There are two problems with this definition of free will.

First, it implies that your present self (and future selves) are all entirely
subservient to your prior state, and surrounding environment. Ie, the present
you has no way of overcoming your past self or your environment. This means
that you're essentially sitting in a roller-coaster ride, with no levers to
pull or opportunity for change. Sure, your past self made the decision to get
on the ride. But your present and future self are all helpless from that point
on.

Second, did even your past have any free will? The chain of causation extends
all the way back. Your past self at time T-X is itself entirely subservient to
your past self at time T-X-1. Extend this all the way back, and you realize
that you're subservient to your "self" at the moment of conception. At no
point did your consciousness have any ability to change the course of the life
that was already plotted for it. If I predict at the moment of your birth,
every single thing that will happen in your life and every decision you will
make, can you really claim to possess free will?

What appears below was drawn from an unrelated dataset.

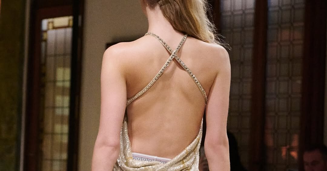 Если у вас впереди важное событие или просто есть настроение добавить в гардероб вещь с характером, этот тренд стоит рассмотреть в первую очередь. Начать логично с платья. Дизайнеры словно сговорились: именно этот элемент раскрывает идею максимально точно. На подиуме мы видели и драматичные варианты, и сдержанные, но эффект в обоих случаях один — внимание вам гарантировано. Кейт Мосс закрыла показ Gucci в черном макси с пайетками и длинными рукавами. Демна Гвасалия, вдохновляясь ДНК бренда времен Тома Форда, делает ставку именно на чувственность на грани с провокацией. Дарио Витале, пусть и ненадолго, но очень точно, возвращает нас в эстетику Versace времен самого Джанни — и, конечно, не обходится без сверкающего платья с открытой спиной. И даже лаконичные модели дадут тот самый эффект, который сложно повторить другими способами. А вот от платьев в длине мини лучше все-таки отказаться: иначе аутфит выйдет слишком откровенным. Если не хочется уходить в вечернее настроение, присмотритесь к топам. На бретелях, с воротником халтер или с высоким горлом. Они легко интегрируются в привычные ансамбли — с брюками, джинсами и даже брюками-капри.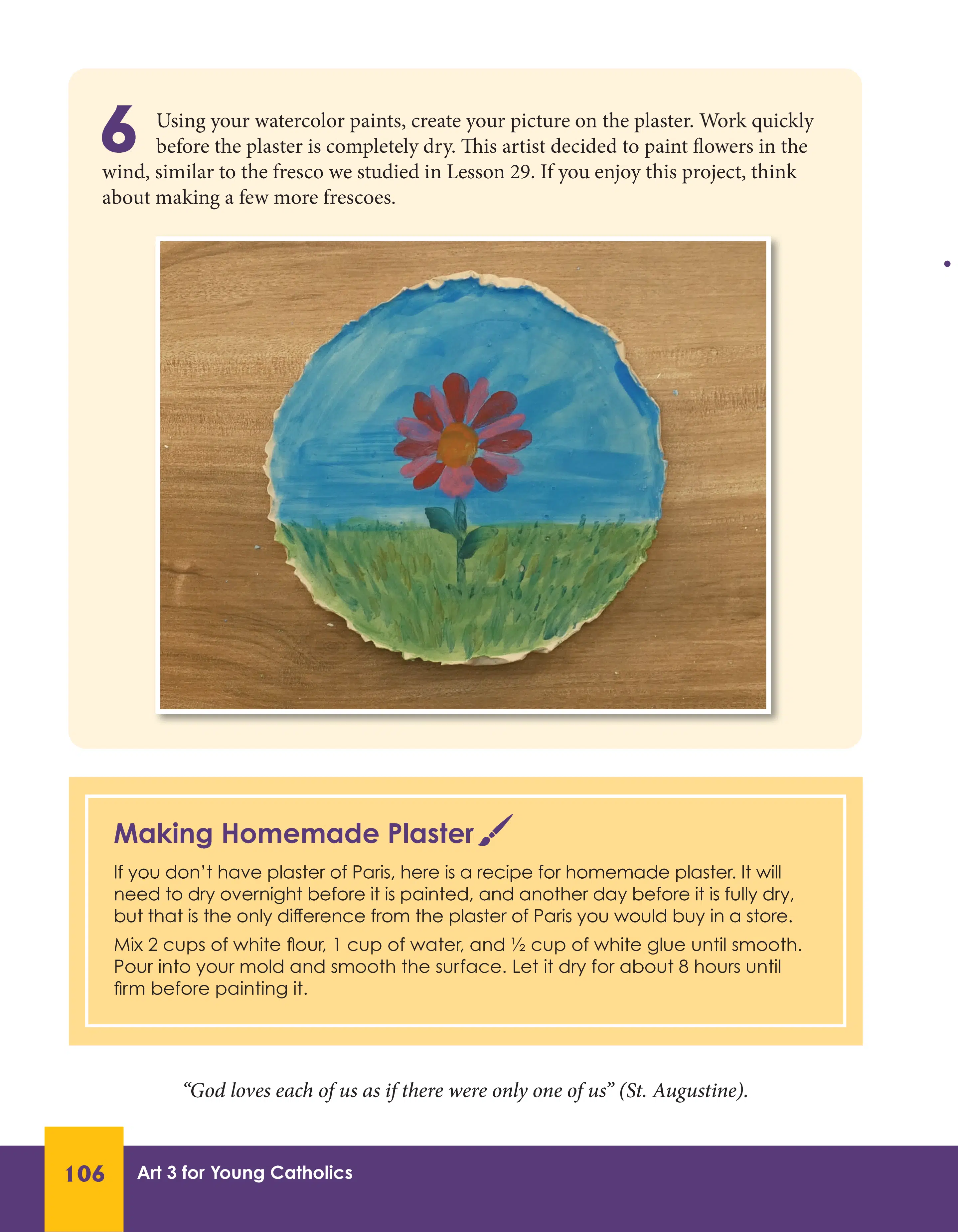 The book was designed by Mary Ellen Barrett, the primary author of our popular new Kindergarten Art and Poetry course. The new Art 3 also has project step-by-step instructions far superior to anything we have done before. Seton’s staff artist, Nathan Puray created videos showing how each project can be completed, and the book itself shows picture demonstrations of the steps and final product samples to help guide parents and students. Many of the supplies needed are regular household items, but our Seton bookstore team has also created a package of paints and other supplies that you can purchase. While the kit doesn’t include all the supplies needed like paper, it includes most items needed to complete the projects in the book.

Hence why people try to cling on to randomness and uncertainty. _" If the
future can be perfectly predicted, people definitely do not have free will =>
ergo, if the future cannot be perfectly predicted, then maybe we have free
will?"_ I agree with you though that this is shoddy reasoning. Just because
there exists randomness at the quantum level, just means that we're passengers
in a driverless car that's rolling dice. Randomness that we have no control
over, does not grant us free will in any way.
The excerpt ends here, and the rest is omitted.